The recording unit 9 includes line heads 11C, 11M, 11Y, and 11K. The line heads 11C, 11M, 11Y, and 11K may be held in, for example, a head housing 10. These line heads 11C, 11M, 11Y, and 11K are supported at a height so as to form a prescribed spacing (1 mm, for example) above the transport surface of the first transport belt 8. As illustrated in FIG. 2, a plurality of recoding heads 17a to 17c (three recording heads in FIG. 2) are placed in a staggered arrangement along the paper width direction (vertical direction in FIG. 2) orthogonal to the paper transport direction. The line heads 11C, 11M, 11Y, and 11K cover a recording area that is wider than the width of the paper P to be transported. Therefore, they can eject inks from ink ejection nozzles 18 corresponding to print positions toward the paper P transported on the first transport belt 8.

As illustrated in FIGS. 4 and 5, nozzle areas R, in each of which many ink ejection nozzles 18 are arranged, are allocated on the ink ejection surface F of each of the recording heads 17a to 17c. As illustrated in FIGS. 2 and 3, the ends of the three recording heads 17a to 17c, constituting one of the line heads 11C, 11M, 11Y, and 11K having the same structure, are overlapped so that part of the ink ejection nozzles 18 positioned on one of the recording head 17a to 17c face part of the ink ejection nozzles 18 positioned on another in the paper transport direction.

The recording heads 17a to 17c, constituting one of the line heads 11C, 11M, 11Y, and 11K, receive one of four inks (cyan, magenta, yellow, and black) stored in an ink tank 20 (see FIG. 6) corresponding to the color of the relevant line head 11C, 11M, 11Y, or 11K.

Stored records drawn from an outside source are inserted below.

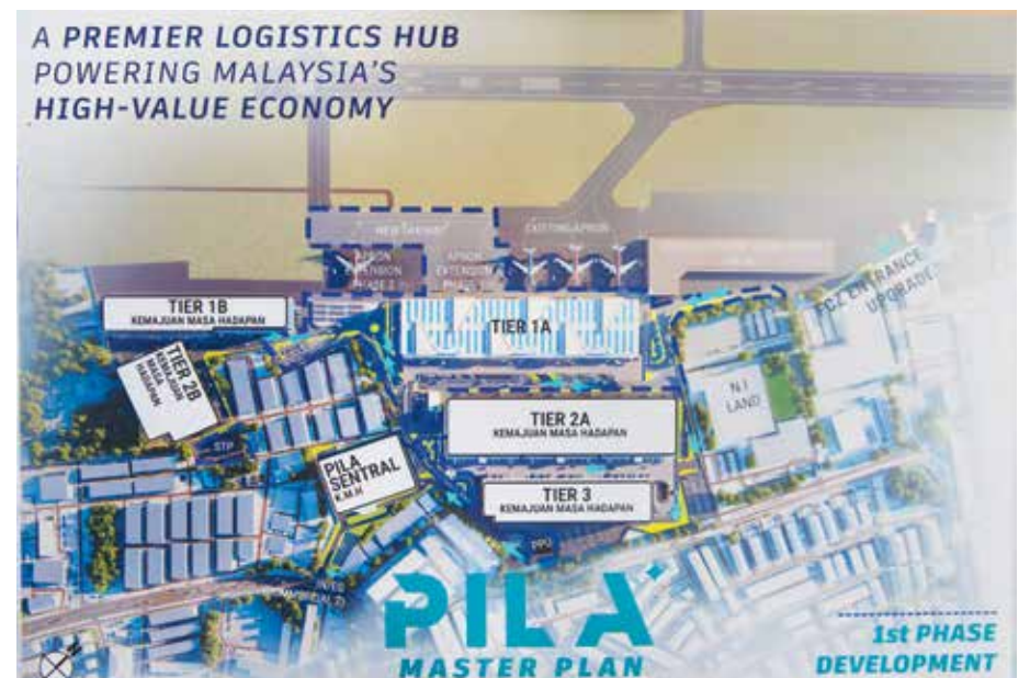
ILUSTRASI Pelan Induk PILA di Bayan Lepas yang sedang dibangunkan sebagai hab logistik moden dan strategik bagi menyokong pertumbuhan ekonomi Pulau Pinang.

Mengulas lanjut, Kon Yeow menyatakan bahawa projek berkenaan
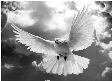
Estaban discutiendo una cierta ley sobre la preparación de alimentos en las festividades que diferencia entre una paloma que se encuentra a 50 codos (aprox. 22,86 metros) del palomar, o a más de 50 codos del nido.

Se trata de lojeved, la madre de Moshé, que nació “entre los muros
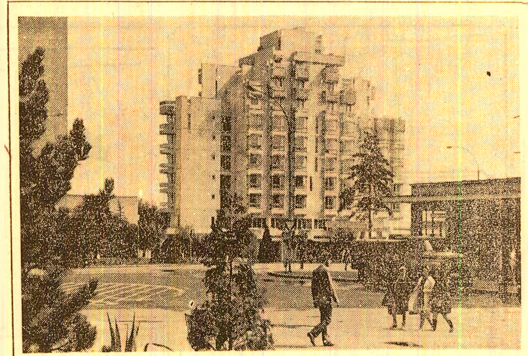
Pe noua hartă a municipiului Deva a fost ridicată o construcție impunătoare — complexul hotelier „Sarmis” — care aduce un plus de prospețime și frumusețe orașului.
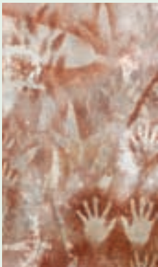
→ 澳大利亚中昆士兰卡那封峡谷的土著岩画
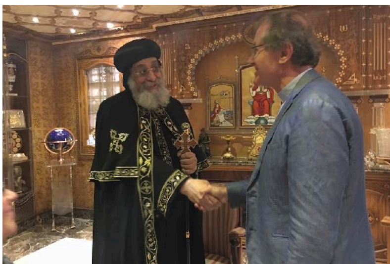
Avec le pape Tawadros, patriarche de l'Église orthodoxe copte

Grâce à la collaboration du mouvement des Focolari en Egypte nous avons été reçu par les principaux responsables des Eglises orthodoxe, catholique, protestante et évangélique. Nous avons aussi visité plusieurs communautés, mouvements et monastères.
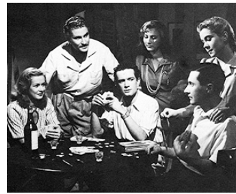
1942 LA FOLLE JOURNÉE (Giorni felici) de Gianni Franciolini avec A. Nazzari, L. Cortese, P. Stoppa
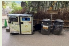
防治失禮行為的對策 (智能垃圾桶)
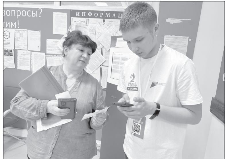
После выбора объекта волонтер фиксирует голос в приложении

Для участия в голосовании через волонтера жителям необходимо пройти идентификацию одним из двух способов: через сканирование QR-кода своим смартфоном для входа в «Госуслуги» либо по номеру мобильного телефона с подтверждением через СМС-код. После выбора объекта волонтер фиксирует голос в приложении, гражданин подтверждает решение, и система
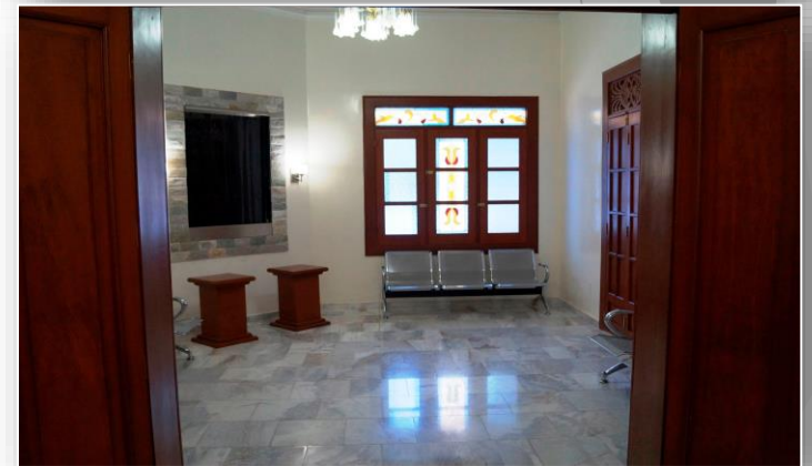
Barranquilla – Cra. 53 No 59 – 55
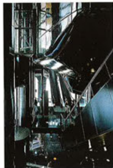
Céline en staff de l'Opéra de Lyon réalisée avec la générale Prestia des Frères Lefrigo, Jean Nouvel, arch

À la question "Qu'est-ce que le staff en plâtre?" l'architecte répond : "C'est une forme traditionnelle. Assurément, il s'agit d'un matériau qui n'est pas très moderne, mais il faut mettre des idées nouvelles dans les matériaux."
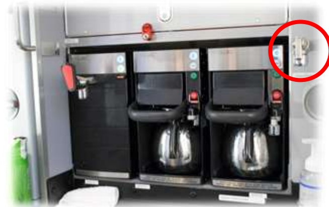
飛行機のギャレー(厨房)用フォーセット(水栓)
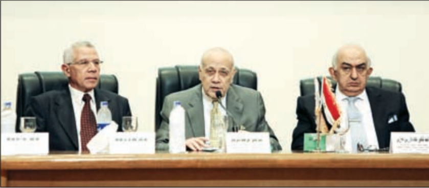
جانب من المؤتمر الصحفي

أعلنت اللجنة العليا للانتخابات فتح باب الترشح لانتخابات مجلس النواب، اعتبارا من اليوم الثلاثاء لمدة 12 يوما، على أن تجري الانتخابات على مرحلتين تبدأ في 17 أكتوبر وتنتهي في 2 ديسمبر من العام الجاري، مؤكدة أن من سبق لهم تقديم أوراق ترشحهم لن يقدموا أي أوراق جديدة غير استمارة الترشح.
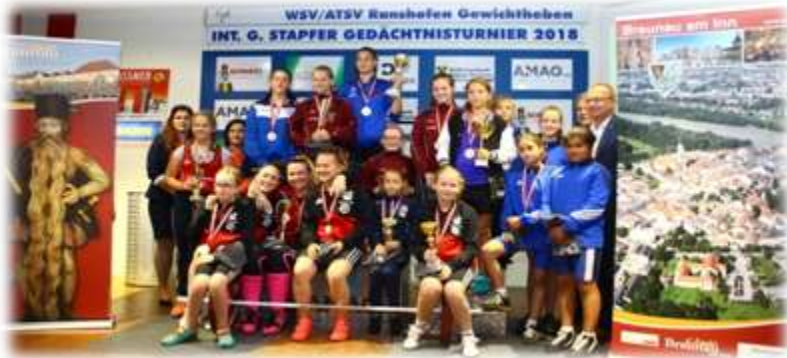
1. Gruppe Frauen 2008,2007,2006,2005,2004
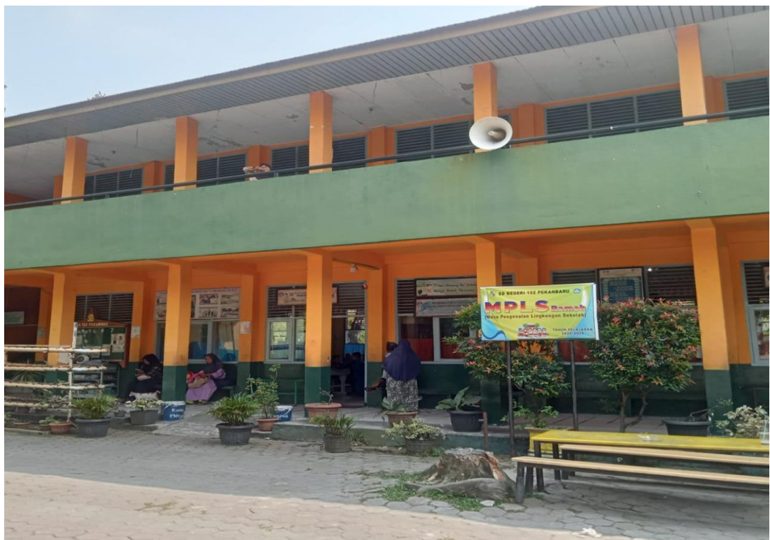
GEDUNG SEKOLAH SD NEGERI 152 PEKANBARU
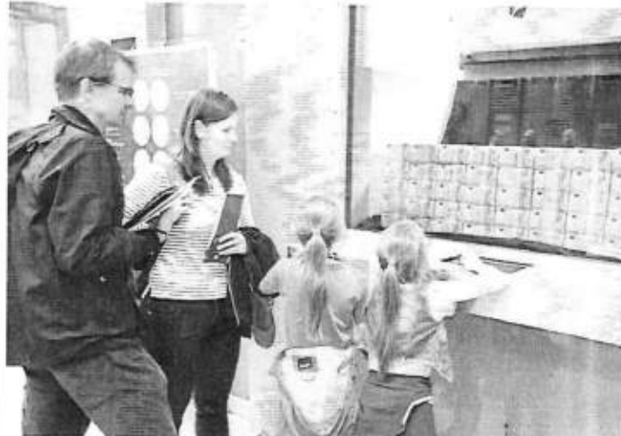
Banky potrebujú kapitál napríklad aj na financovanie úverov domácnostiam.
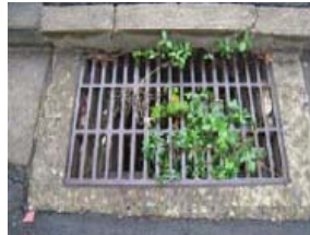
雨水樹の詰まり (例)
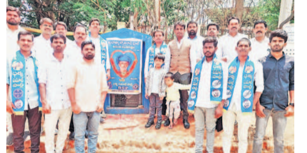
వికారాబాద్: పూలే జయంతి వేడుకల్లో పాల్గొన్న ధర్మ సమాజ్ పార్టీ నాయకులు
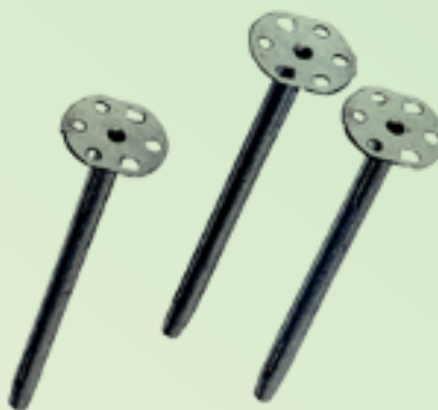
PCI PowerBoard -metalliankkurit

The recording heads 17a to 17c each eject ink from the ink ejection nozzles 18 toward the paper P, which is held by the transport surface of the first transport belt 8 by being adsorbed and is fed, according to image data received from, for example, an external computer. Thus, a color image formed by a combination of the four inks, cyan, magenta, yellow and black, is recorded on the paper P on the first transport belt 8.

When the print operation stops for a long period of time, the recording heads 17a to 17c may dry or may become clogged and thereby ink may not be sufficiently ejected. To suppress insufficient ink ejection when a print operation restarts after a long stoppage, a purge operation may be performed by which viscous intra-nozzle ink is purged from the ink ejection nozzles 18 of all recording heads 17a to 17c. When the amount of ink ejection in some of the recording heads 17a to 17c falls to or below a prescribed value, this purge operation may also be performed for the ink ejection nozzles 18 of the relevant recording heads during the period when printing is not performed. This makes the inkjet recording apparatus 100 ready for a next print operation.

As the method of ejecting ink from the recording heads 17a to 17c, a piezoelectric method, in which a piezoelectric element (not shown) is used to extrude ink, can be applied. Other various examples include a thermal inkjet method, in which bubbles are formed by a heat generating body to apply a pressure, with which ink is ejected.

A second transport unit 12 is positioned downstream (right side in FIG. 1) of the first transport unit 5 in the paper transport direction. The second transport unit 12 includes a second drive roller 13 positioned at the downstream end in the paper transport direction, a second driven roller 14 positioned at the upstream end, and a second transport belt 15 tensioned between the second drive roller 13 and the second driven roller 14. When the second drive roller 13 rotates clockwise, the paper P held by the second transport belt 15 is fed in the direction indicated by the arrow X.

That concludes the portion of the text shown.